Further statistical modeling suggested that this effect on tau was the primary reason for the cognitive benefits. The analysis indicated that the slower accumulation of tau fully accounted for the relationship between physical activity and slower cognitive decline. It also partially explained the link between activity and slower functional decline.

“We are thrilled that data from the Harvard Aging Brain Study has helped the field better understand the importance of physical activity for maintaining brain health,” said co-author Reisa Sperling, a neurologist in the Mass General Brigham Department of Neurology and co-principal investigator of the Harvard Aging Brain Study. “These findings show us that it’s possible to build cognitive resilience and resistance to tau pathology in the setting of preclinical Alzheimer’s disease.”

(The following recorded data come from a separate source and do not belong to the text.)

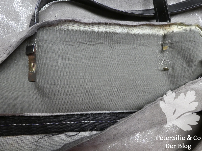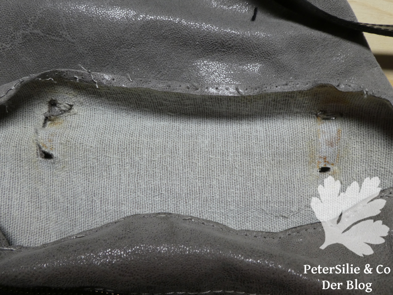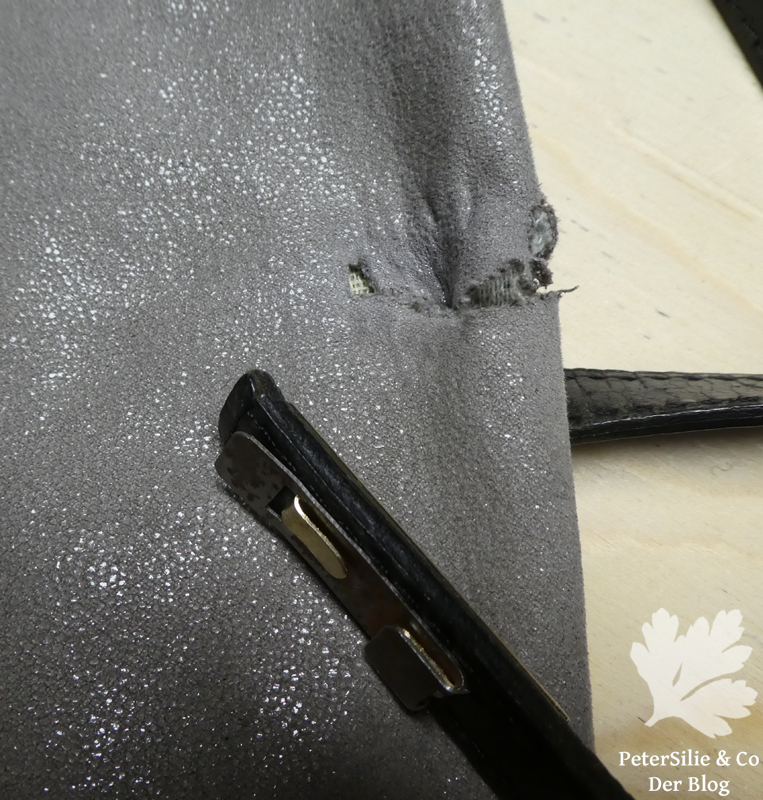 Wenn ich mir im regionalen Buchhandel neue Bücher abhole, werde ich meist gefragt: „Um was geht es denn diesmal?“ So kamen wir ins Gespräch über das Stopfen und zu meinem Angebot ob es nicht vielleicht etwas zum Herrichten gäbe. Bei meinem nächsten Besuch fragte die Buchhändlerin vorsichtig: „Du ich hätte da tatsächlich etwas…“ So erfuhr ich die Geschichte von der Lieblingstasche, bei der ein Griff abgerissen ist: zuviel eingepackt, wer kennt dass nicht…Ich bin keine versierte Taschennäherin und habe die Tasche erst einmal hin und hergedreht und untersucht. Eine der Halterungen war völlig ausgerissen, die anderen drei eingerissen. Irgendwie und zu irgendeinem bestimmten Zeitpunkt im Arbeitsprozess wurden die Griffe befestigt und genauso konnte man sie reparieren.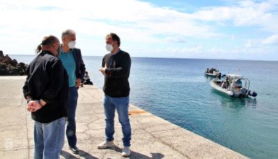 José Juan Cruz, alcalde del Ayuntamiento de Tías, Mame Fernández, primer teniente de alcalde y concejal de Turismo, y Nicolás Saavedra, segundo teniente de alcalde y concejal de Servicios Sociales, visitaron el set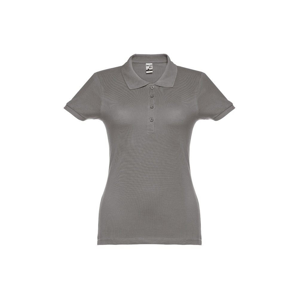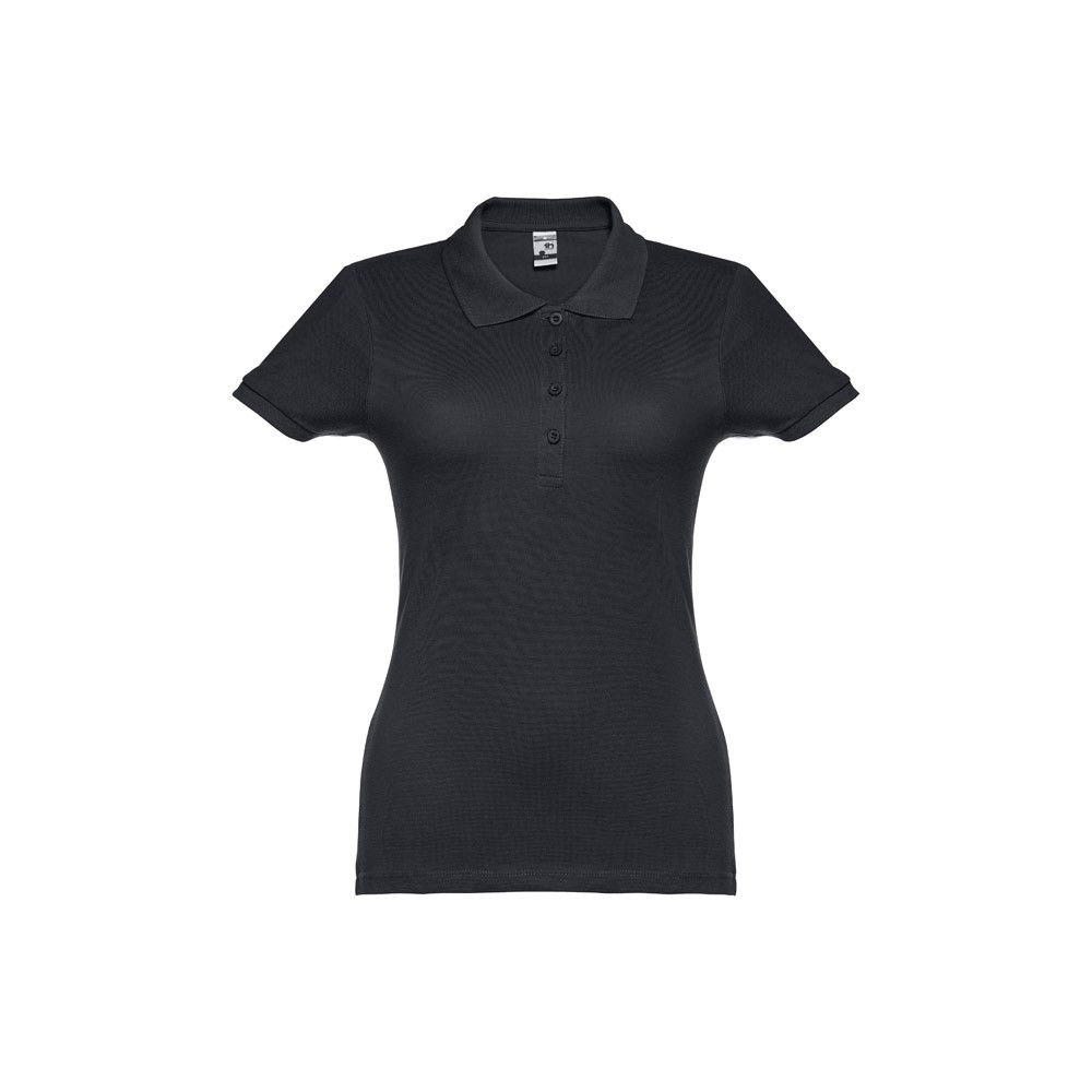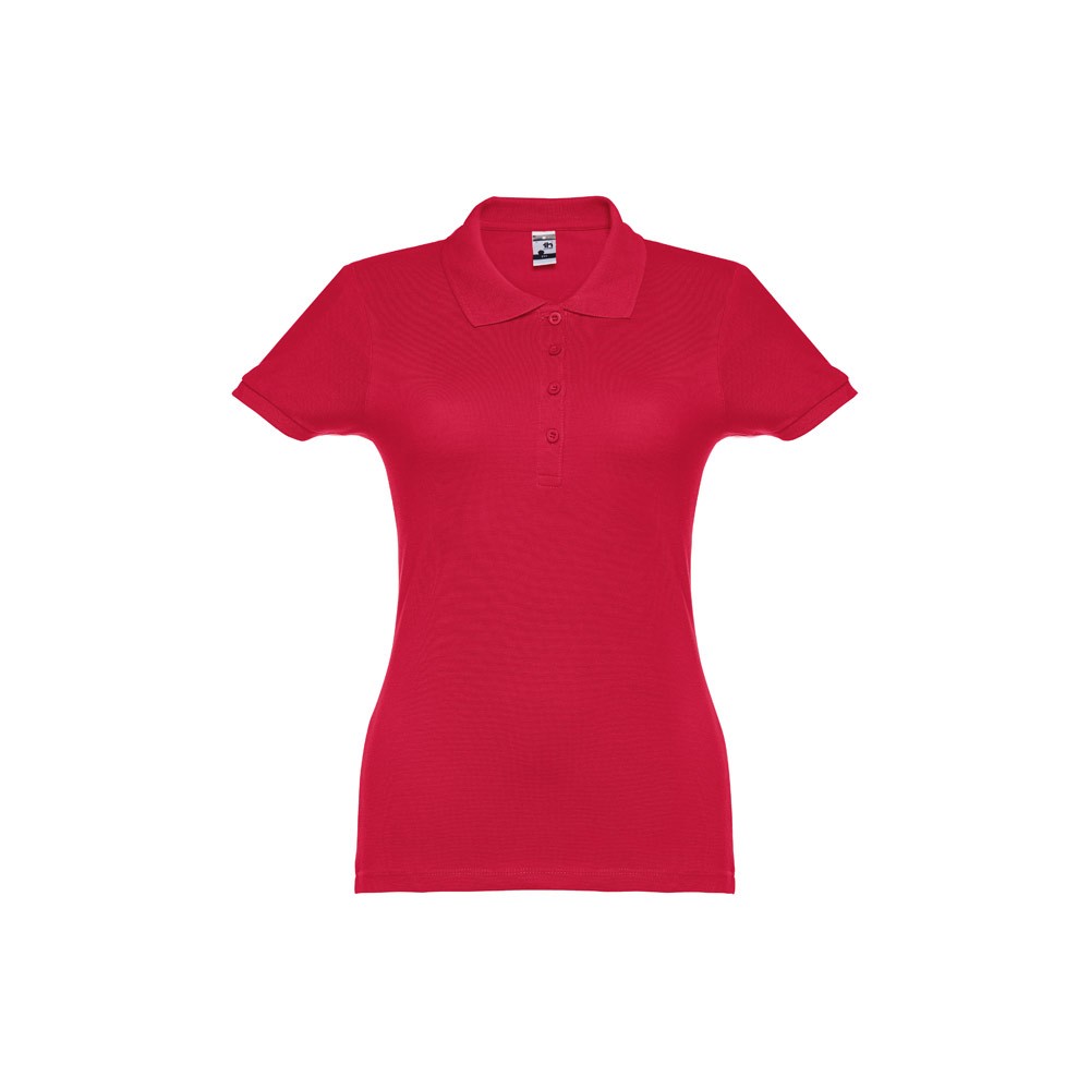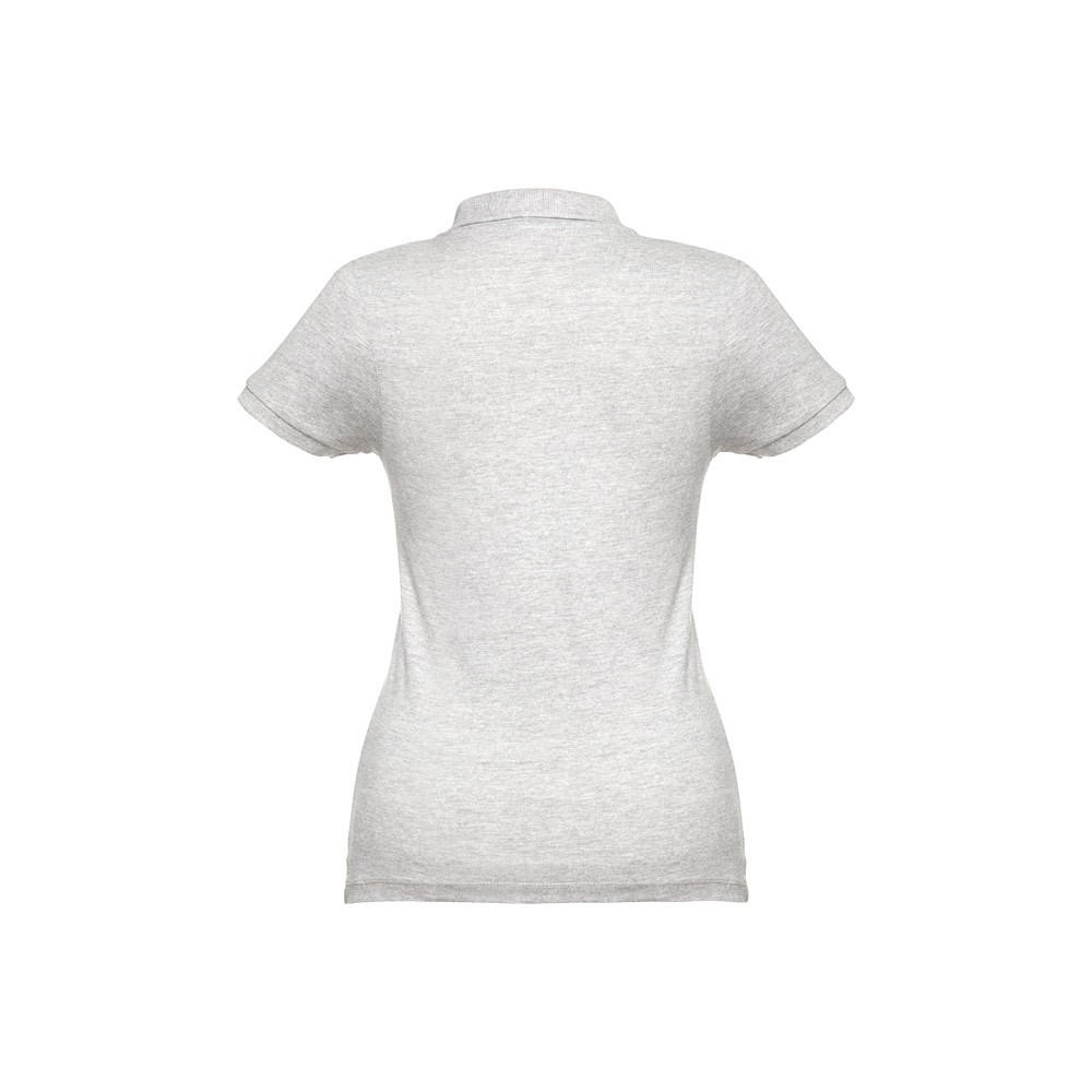 Polo ceinturé pour femme à manches courtes en maille piquée 100% coton (195 g/m²) cardé. Contient un col et des manches côtelés, le col est renforcé avec du ruban piqué. Sur le devant, à côté du col, il y a quatre boutons colorés (bouton de remplacement inséré dans la couture intérieure). Pièce coupée et cousue. Fabriqué au Bangladesh.

The study also examined how much activity was needed to see a benefit. The researchers categorized participants into four groups based on their daily step counts: inactive (3,000 steps or fewer), low activity (3,001 to 5,000 steps), moderate activity (5,001 to 7,500 steps), and active (more than 7,501 steps). They found that even moving from the inactive group to the low-activity group was associated with substantially slower tau buildup and cognitive decline.

The benefits continued to increase into the moderate-activity range but then appeared to level off, suggesting that the largest gains were seen when sedentary individuals became more active. This may offer a more approachable goal than the popular 10,000-steps-a-day target.

“We want to empower people to protect their brain and cognitive health by keeping physically active,” said first-author Wai-Ying Wendy Yau, a cognitive neurologist in the Mass General Brigham Department of Neurology. “Every step counts — and even small increases in daily activities can build over time to create sustained changes in habit and health.”

As an observational study, this research identifies strong associations but cannot definitively prove cause and effect. It is possible that individuals with the very earliest, subtle brain changes of preclinical Alzheimer’s were already becoming less physically active, a concept known as reverse causality.

The researchers conducted several sensitivity analyses to account for this possibility, and their results remained consistent. The study population was also primarily composed of highly educated, non-Hispanic white individuals, which means the findings might not be generalizable to all populations.

Looking ahead, the research team plans to explore which aspects of physical activity, such as intensity or consistency, might be most important for brain health. They also intend to investigate the biological mechanisms that could connect physical activity to reduced tau accumulation. The results of this study could help in designing future clinical trials that test exercise interventions, especially by suggesting that enrolling sedentary individuals who have elevated brain amyloid may be the best way to detect a protective effect.

The study, “Physical activity as a modifiable risk factor in preclinical Alzheimer’s disease,” was authored by Wai-Ying Wendy Yau, Dylan R. Kirn, Jennifer S. Rabin, Michael J. Properzi, Aaron P. Schultz, Zahra Shirzadi, Kailee Palmgren, Paola Matos, Courtney Maa, Jeremy J. Pruzin, Stephanie A. Schultz, Rachel F. Buckley, Dorene M. Rentz, Keith A. Johnson, Reisa A. Sperling, and Jasmeer P. Chhatwal.